In the middle of dancing, Yugyeom suddenly appears behind you, and your breath catches when his large hand closes around your hip, guiding you along in the dance as he dances with you. Broad chest pressed firmly against your back and hips planted at your behind, you find yourself flushing in the mirror, but you keep your composure otherwise.
He leans down to your ear for just a moment, lips ghosting along the shell, “You’re still so stiff. This dance is slow enough, you need to take advantage of your movements,” he takes the hand on your hip off to ghost down your arm and into your own, fingers intertwining with yours. “dance like your boyfriend is in the audience. Dance like you’re seducing him.” 
Was he seriously doing this here? Now? With the two of you alone in the practice room and the setting sun from the window blinding your judgement? 
You say it, even though you know he knows it, “I don’t have a significant other, so sorry if I’m a little rusty.” “Then use me.” Is his quick reply, shameless in words and tone. He sounds like he’s yearning for you already, and you can’t tell if it’s one of his tricks to get you enthralled into the dance or if he really wants you to jump his bones here and now...
But you’re tempted. That’s all you know.
You move with more purpose, more fervor. Your bodies twist and separate and find each other again like water in a dance. Every part of you working against him, every part of him working against you. It’s the very definition of synergy. It’s the very definition of seduction, and he looks far too smug when you let yourself go.
He dips you agonizingly slow as the song reaches its instrumental, now only the lovely bass of the beat shuddering in your bones and the hazy look in your dance partner’s eyes making you heat up.
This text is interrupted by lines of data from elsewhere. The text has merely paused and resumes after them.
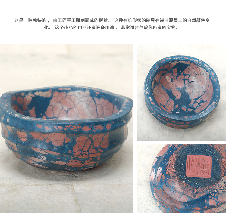 这是一种独特的,由工匠手工雕刻而成的形状。 这种有机形状的碗具有浇注混凝土的自然颜色变化。 这个小小的用品还有许多用途,非常适合存放你所有的宝物。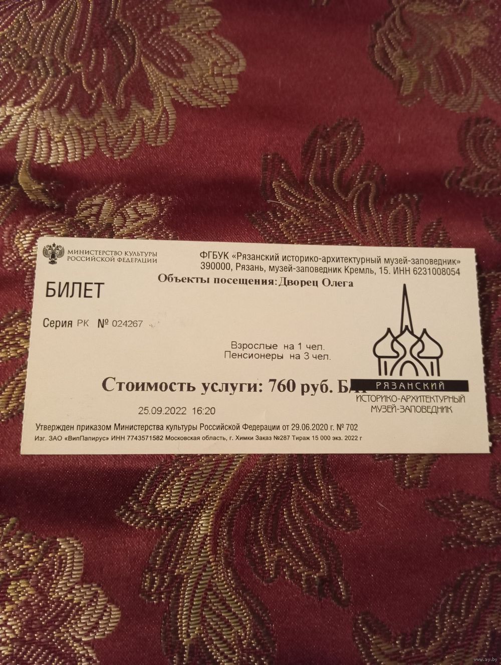 билет в Рязанский историко-архитектурный музей-заповедник. Билет дает право на посещение объекта «Дворец Олега» для одного взрослого и трех пенсионеров.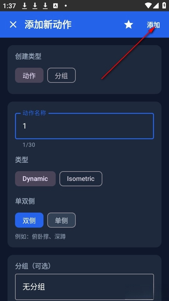 填写完新动作相关信息后点击右上角添加。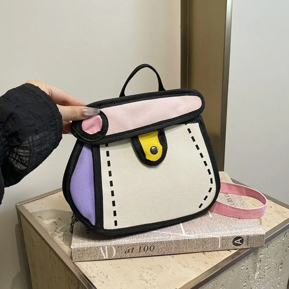 Personality Cartoon Comic Crossbody Bag Canvas Handbag Chain Shoulder Bag Coin Purse Small Line Painting Messenger Bag Travel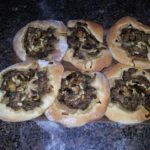 מניחים בשר על כל עיגול בצק ומשטחים אותו על הבצק. מפזרים פטריות וצנוברים ומהדקים אותם לבשר.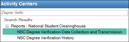Open the NSC Degree Verification Data Collection and Transmission window.
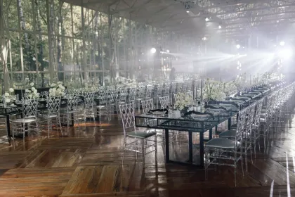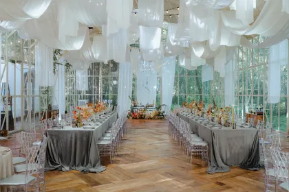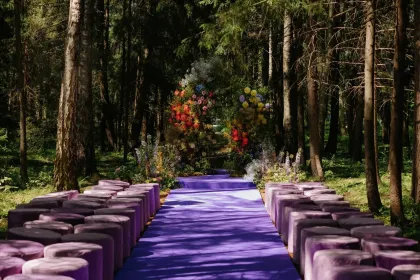 Площадка для мероприятий в Подмосковье: зал и открытые пространства на фоне леса, рассчитанные на 30–10 000 гостей.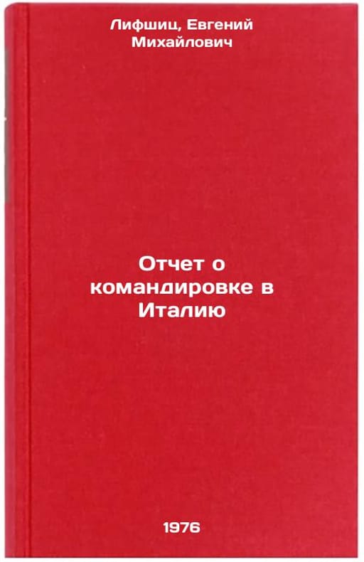 In Russian. Lifshits, Evgeniy Mikhailovich. Report on mission to Italy. Moscow: 1976. All images are for identification of editions only. Several books of the same edition may be available. Please feel free to request photos of available books. SKU6943775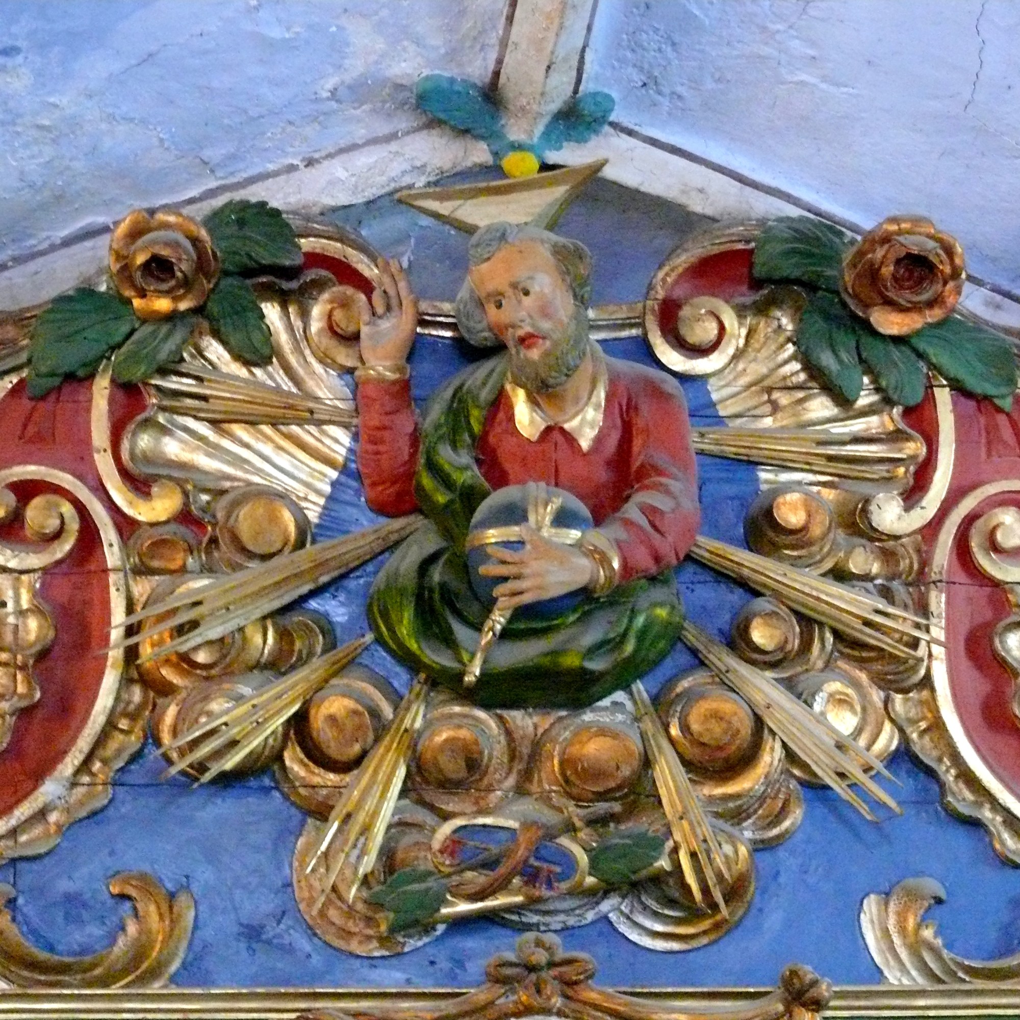 – une trinité “trône de grâce” : Dieu de le père, couronné d’une tiare, assis, tenant devant lui la croix et son crucifié. (Normalement, l’oiseau du St Esprit se trouve sur l’épaule du père, mais il n’y est plus).
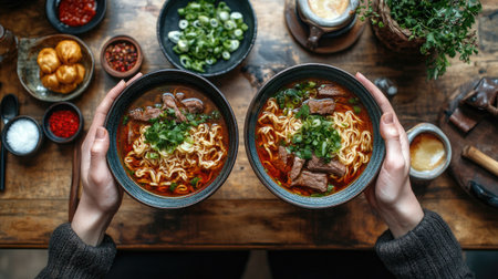 Two people enjoying a delicious beef noodle soup with chopsticks, shot from above on a rustic wooden table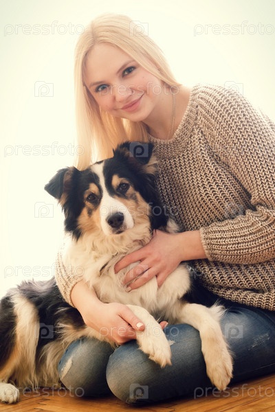 Девушка-подросток и пушистая собака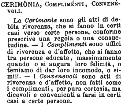 | Cerimonia, Complimenti, Convenevoli - Le Cerimonie sono gli atti di debita riverenza, che si fanno in certi casi verso certe persone, conforme prescrive una regola o una consuetudine. - I Complimenti sono uffici di riverenza e d'affetto, che si fanno tra persone educate, massimamente quando o si augura loro felicità, o temiamo di dar loro incomodo, o simili. - I Convenevoli sono atti di riverenza e d'affetto, non fatti come i complimenti, per pura cortesia, ma dicevoli e convenienti a farsi in certi casi a certe persone. [immagine] |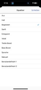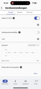 Wer bei den Soundanpassungen Beratung wünscht, kann sich durch Klangvarianten klicken, die dann ein bestimmtes Setup erzeugen. Mit der Funktion Speak-to-Chat unterbricht das Programm, sobald man selbst zu sprechen beginnt – was ganz sinnvoll sein kann, wenn man ein Gespräch beginnen möchte. Apple AirPods Pro 2 User kennen dieses Feature.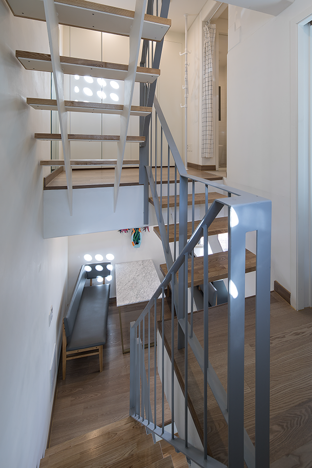 내부공간으로 투영된 열린계단은 층을 연결하는 동선기능과 공간을 확장시키는 역활을 한다. 이 방법은 거주인원 간의 합의 또는 실구획이 완료되어야 가능하다. 4층에 위치한 침실의 관계를 고려, 3층에 위치한 마스터침실은 실로 구획된다. (내부 공간이 수직적으로 모두 연결, 확장하는 전제하에 열린계단은 적용된다.)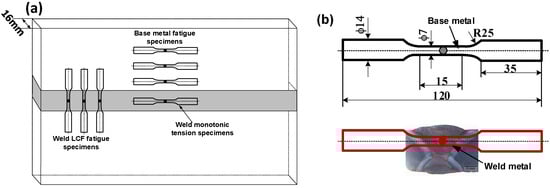 (a) Orientation of monotonic tension and fatigue test specimens with respect to the welded joints; (b) Schematic of LCF test specimens about base metal and weld metal.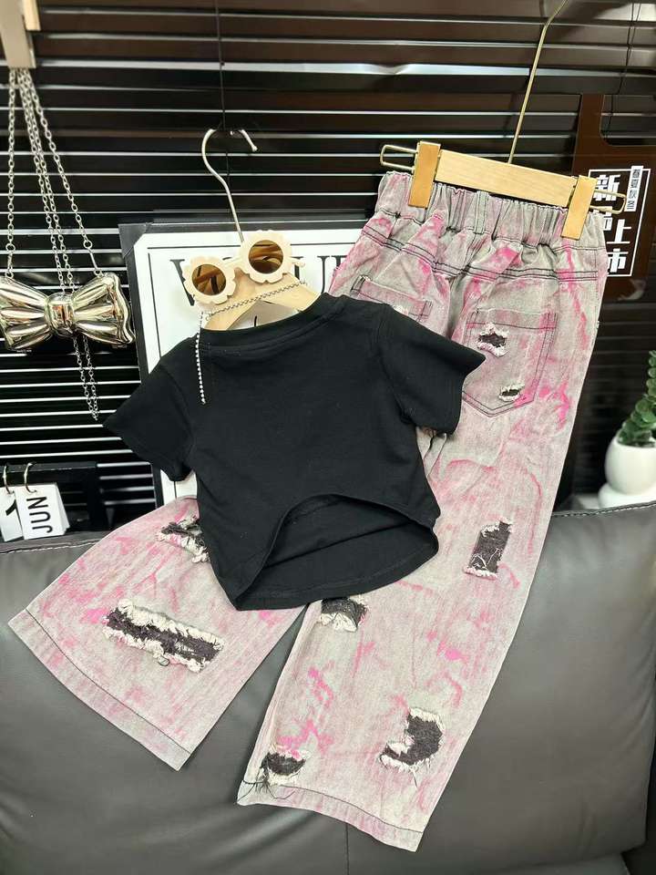 2025 New Arrival Children Clothes Set Summer Embroidered butterfly Short-sleeved T Shirt Trendy Ripped Jeans 2Pcs Girls Clothing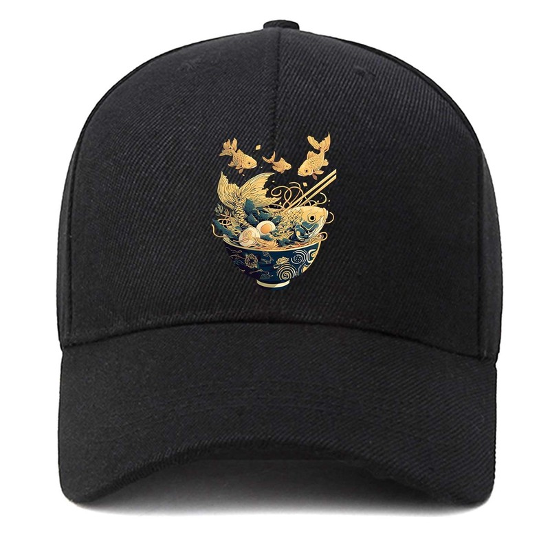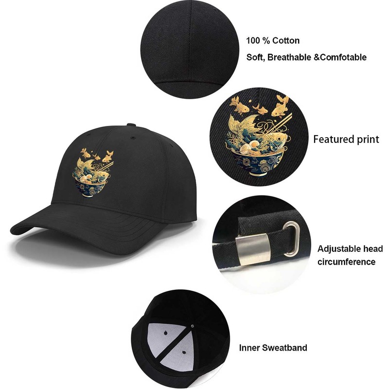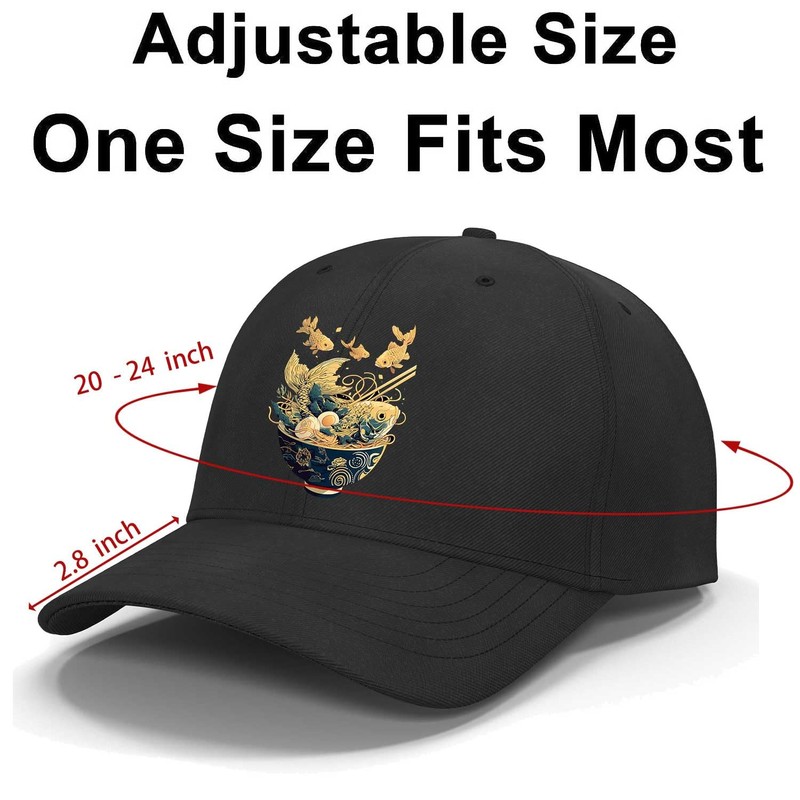 - đź’®The Fish Ramen baseball cap is made of 100% premium cotton, which is soft, comfortable and breathable for all day wear. Adjustable hat fit strap closure, one size fits most head sizes. Not easy to fall off; Adjustable hat fits with strap closure, one size fits most head sizes.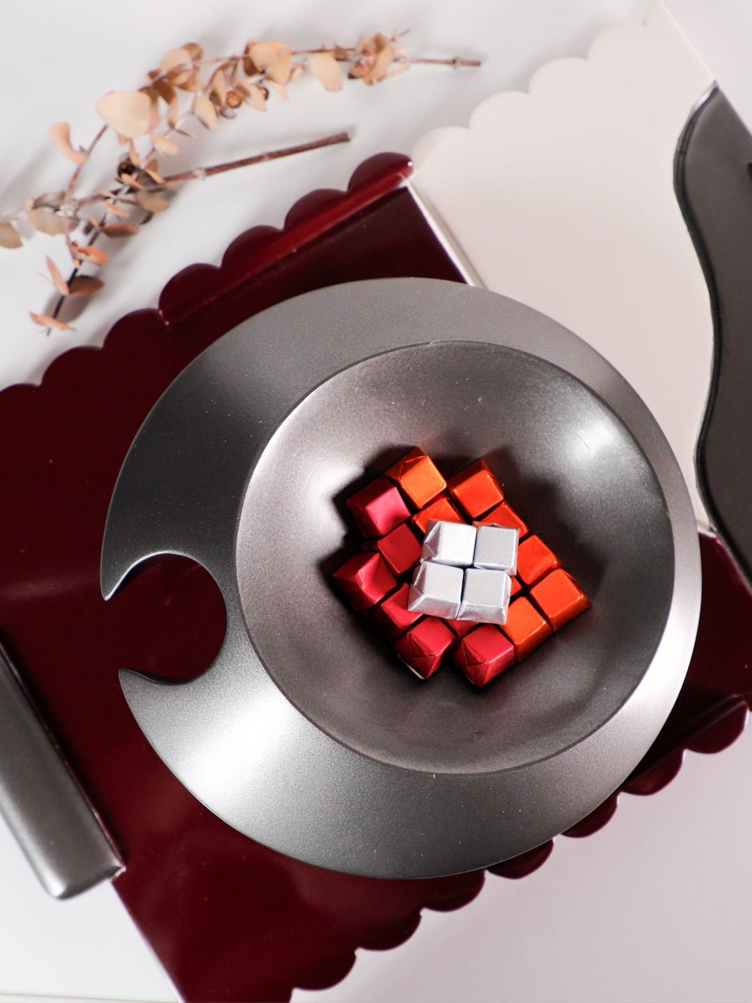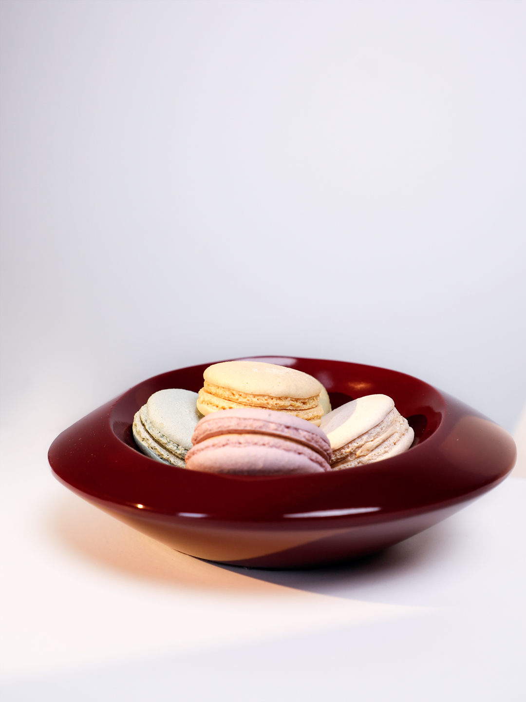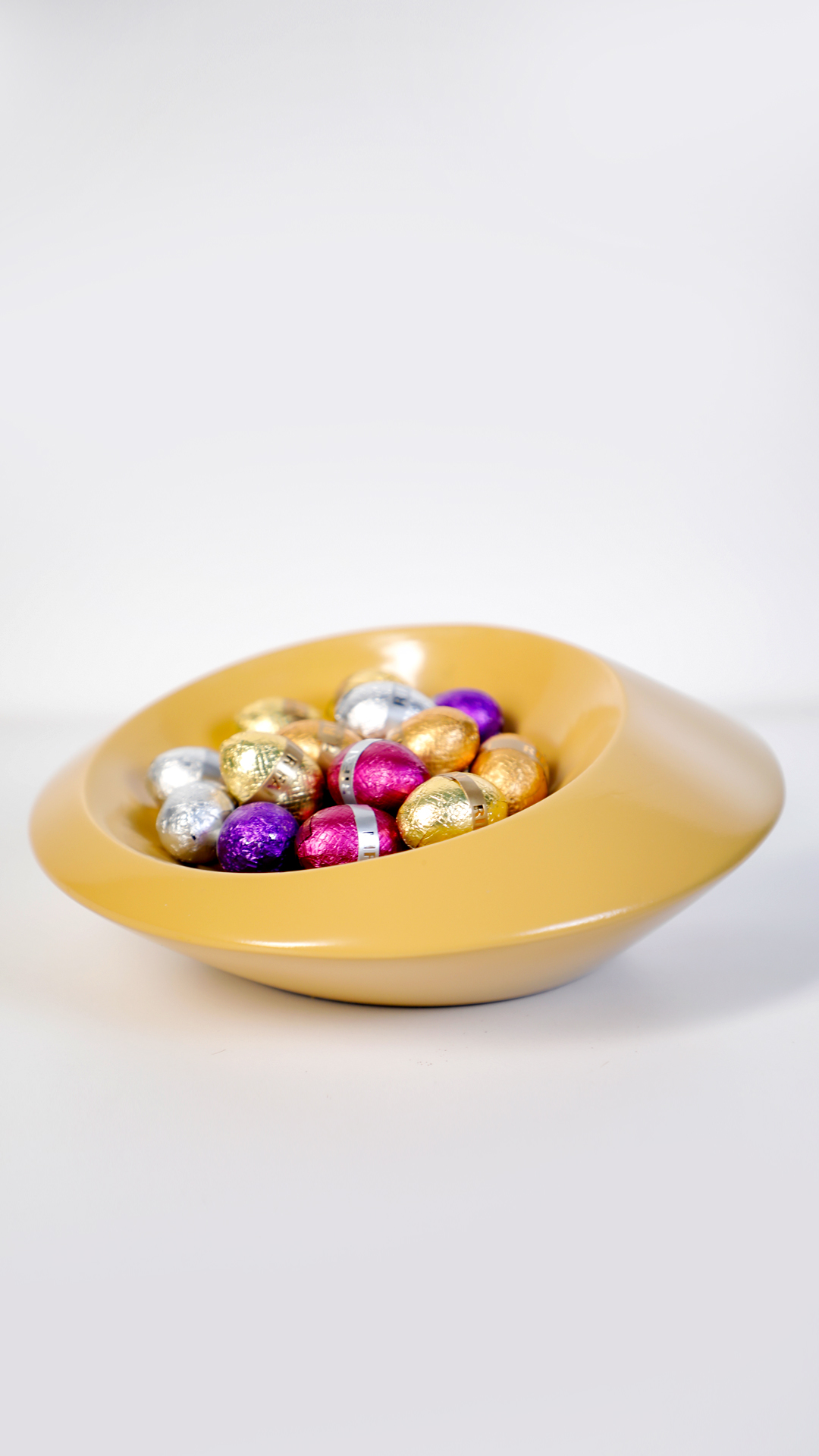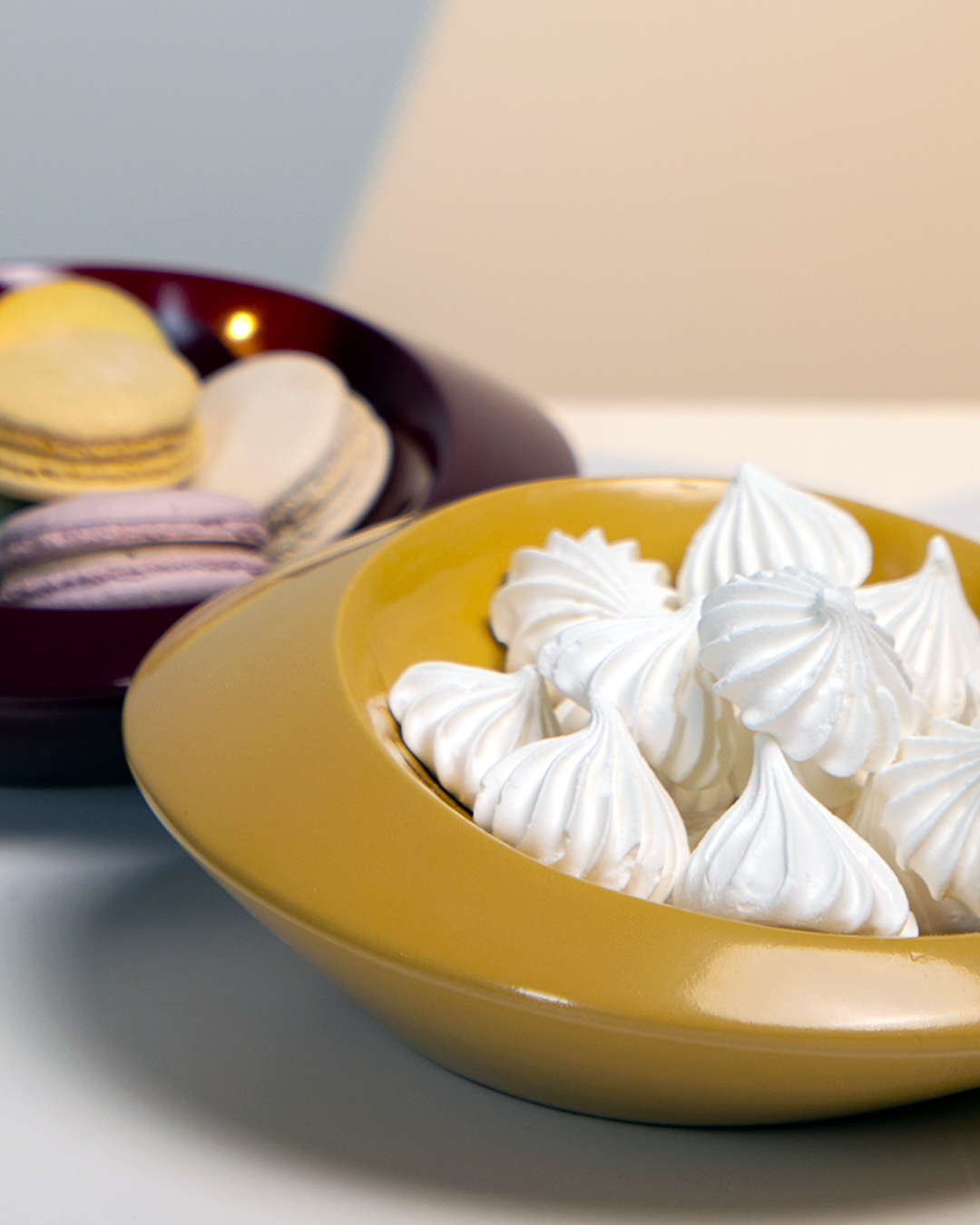 A stand out piece, Kepler is a vividly colored wooden bonbonnière with an asymmetric orbicular form. An engraved void motif traces its edge, creating a subtle architectural touch. Its gently concaved center forms an elegant platter, perfect for presenting sweets and chocolates with sculptural flair.

Your skin is burning under his hold, and you suddenly have an urge to fan yourself like a sinner in church. 
Yugyeom’s dip lowers you until your body is flush with the cool, wooden floor, and his body positions above you just right, holding himself up with strength that you see in the thick veins running up and down his biceps and arms. You two are simply panting, sweating, and waiting. For one or the other to make a move.
“You’re on fire, kid.” His breath brushes along your cheeks and you snarl, but you’re not angry. Far from it, if you were being honest.
“Who are you calling kid, kid? Just cause you can teach me how to dance... I should teach you something.” You growl under your breath, much to Yugyeom’s amusement. He drops a knee between your parted legs and you suddenly feel very aware how easily this could change in a minute. How easily it was changing. How easily it would change.
And you love it.
His smile widens as he laughs teasingly, dropping his head and hunching over your body like a wolf having cornered its prey. His eyes take on a darker hue and you realize you’ve invited him to do exactly what you both were thinking. You had no intentions of retracting your words either, and the little shit knew it. “What could you possibly teach me that I wouldn’t already know?” “That cocky look on your face speaks volumes of what you think you’re about to do for me, but I can promise you, I’m not easily swayed. You’re going to have to earn your praise for once, baby boy.” 
“I’m a fast learner.” Yugyeom’s eyes flare once more, and his hands are coming up to the hem of your tank top with a simple question: do you want me too? He doesn’t even have to speak it and neither do you, the burn in your gaze strong enough to say everything you needed to. Yes, I want you.
The wolf grins, readies himself, and pounces.